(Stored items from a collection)
====

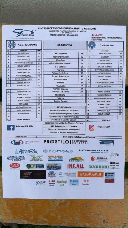 SOLIGNANO (PR)-UNIONE CALCIO CASALESE: 2-0
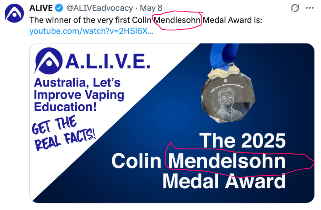 In May 2025, after dramatic music Pippa breathlessly announced to the world on youtube that ALIVE had set up the “Colin Mendelsohn Medal Award”, although they seemed unsure of the spelling of his name. The award went to one of its stalwarts, Alan (Al) Gore the public name of vaper, advocate and submission writer Alan Gorley. Pippa described the award as “an amazing thing for you to wear around your neck, proudly … an unbelieveable and prestigious award.”
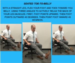 HOW: WITH A STRAIGHT LEG, FLEX YOUR FOOT AND TOES TOWARD YOU BELLY, USING THREE ANGLES TO ACTIVELY RELAX THE BACK OF YOUR LEG MUSCLES. FIRST, FOOT POINTS UPWARD. THEN FOOT POINTS OUTWARD 45 DEGREES. THEN POINT FOOT INWARD 45 DEGREES.
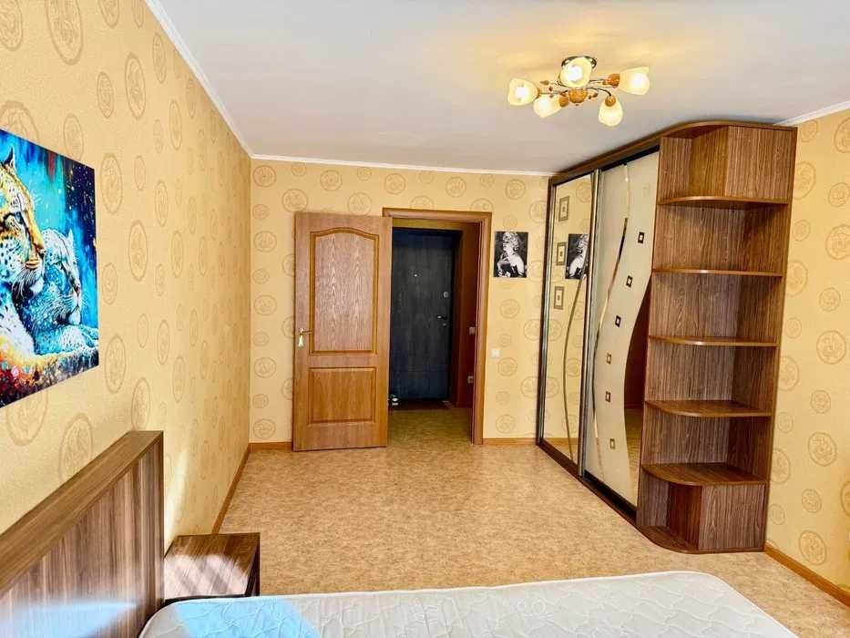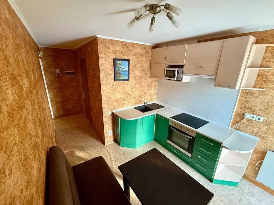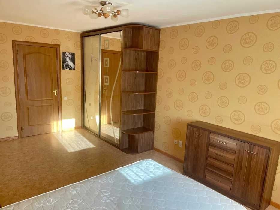 Пропонується в оренду світла простора 1 кімнатна квартира на Софіївській Борщагівці. в квартирі є все необхідне для комфортного життя. Кімната з великим 2х спальним ліжком, шафою, приліжковими тумбами. Кухня є вся техніка, меблі, холодильник, духова шафа, мікрохвильова піч, диван. Також вихід на лоджію на якій стоїть дуже комфортне крісло.
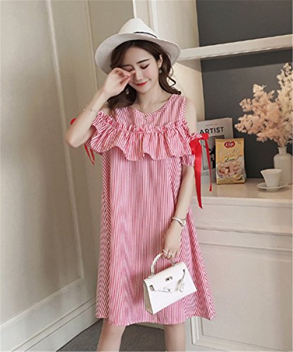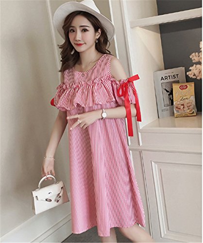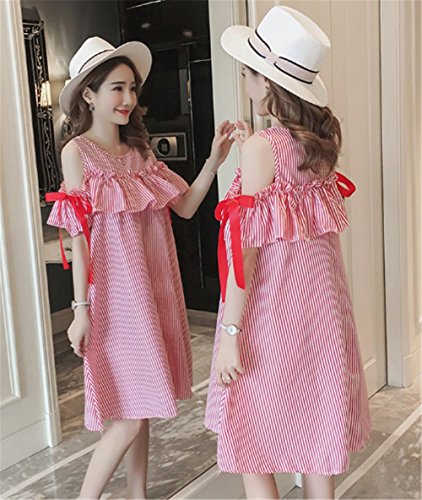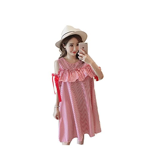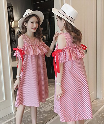 マタニティー 授乳服 ワンピース 妊婦服 スカート レディース 細見え 着痩せ 可愛い リボン 肩出し オフショルダー ストライプ柄 授乳口 半袖 フォーマル 通勤 お宮参り 春夏 M L XL XXL (XL, 赤)
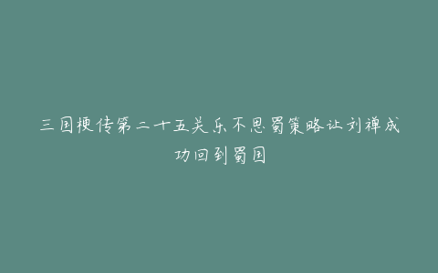 三国梗传第二十五关乐不思蜀策略让刘禅成功回到蜀国
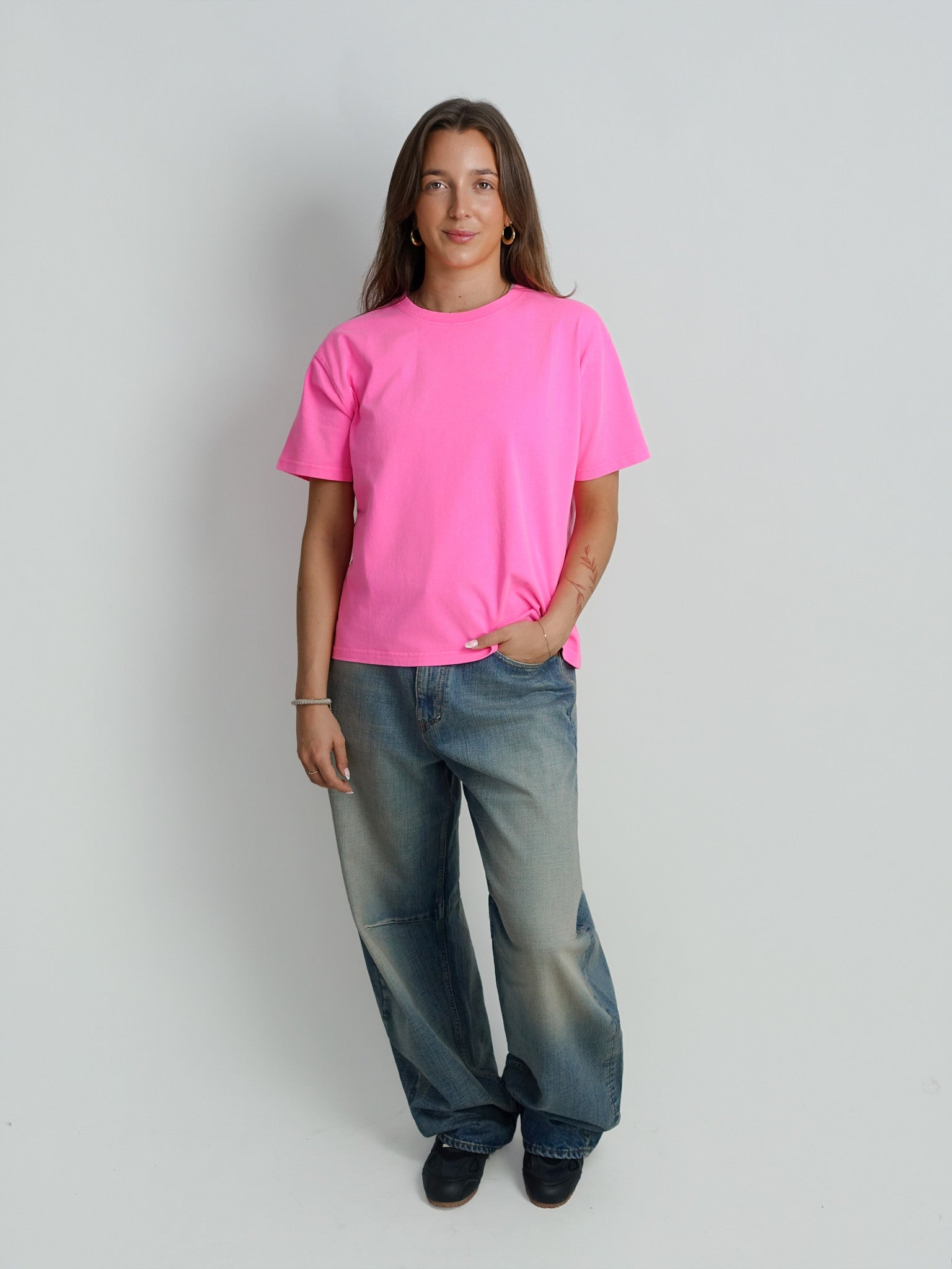 Dit tijdloze T-shirt in een krachtige fuchsia roze kleur is de ideale basis voor een energieke en moderne look. De verfijnde pasvorm en heldere tint maken het een veelzijdig item dat prachtig tot zijn recht komt onder een oversized vest of als opvallend solo-stuk op een denim. Een comfortabele essential die elke outfit direct een frisse impuls geeft.
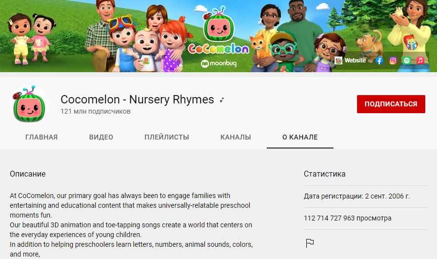 Cocomelon — канал с мультиками, песенками и играми для детей. У него 112 млрд просмотров и 121 млн подписчиков. Каждый месяц он приносит авторам 8 млн долларов.
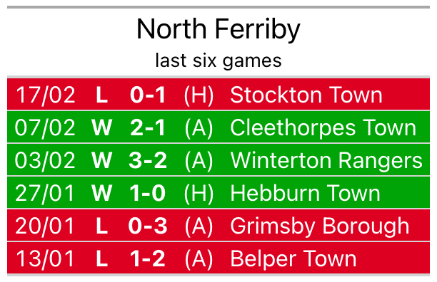 In their last league match, on Saturday, North Ferriby lost to Stockton Town 1-0 at home.

====

**Aim of the exercise:**
When copying from the data above, begin at the line containing "HOW: WITH A" and end at the line containing "Cocomelon — канал"; return those lines exactly and leave all pictures behind.

**Result of the exercise:**
 HOW: WITH A STRAIGHT LEG, FLEX YOUR FOOT AND TOES TOWARD YOU BELLY, USING THREE ANGLES TO ACTIVELY RELAX THE BACK OF YOUR LEG MUSCLES. FIRST, FOOT POINTS UPWARD. THEN FOOT POINTS OUTWARD 45 DEGREES. THEN POINT FOOT INWARD 45 DEGREES.
 Пропонується в оренду світла простора 1 кімнатна квартира на Софіївській Борщагівці. в квартирі є все необхідне для комфортного життя. Кімната з великим 2х спальним ліжком, шафою, приліжковими тумбами. Кухня є вся техніка, меблі, холодильник, духова шафа, мікрохвильова піч, диван. Також вихід на лоджію на якій стоїть дуже комфортне крісло.
 マタニティー 授乳服 ワンピース 妊婦服 スカート レディース 細見え 着痩せ 可愛い リボン 肩出し オフショルダー ストライプ柄 授乳口 半袖 フォーマル 通勤 お宮参り 春夏 M L XL XXL (XL, 赤)
 三国梗传第二十五关乐不思蜀策略让刘禅成功回到蜀国
 Dit tijdloze T-shirt in een krachtige fuchsia roze kleur is de ideale basis voor een energieke en moderne look. De verfijnde pasvorm en heldere tint maken het een veelzijdig item dat prachtig tot zijn recht komt onder een oversized vest of als opvallend solo-stuk op een denim. Een comfortabele essential die elke outfit direct een frisse impuls geeft.
 Cocomelon — канал с мультиками, песенками и играми для детей. У него 112 млрд просмотров и 121 млн подписчиков. Каждый месяц он приносит авторам 8 млн долларов.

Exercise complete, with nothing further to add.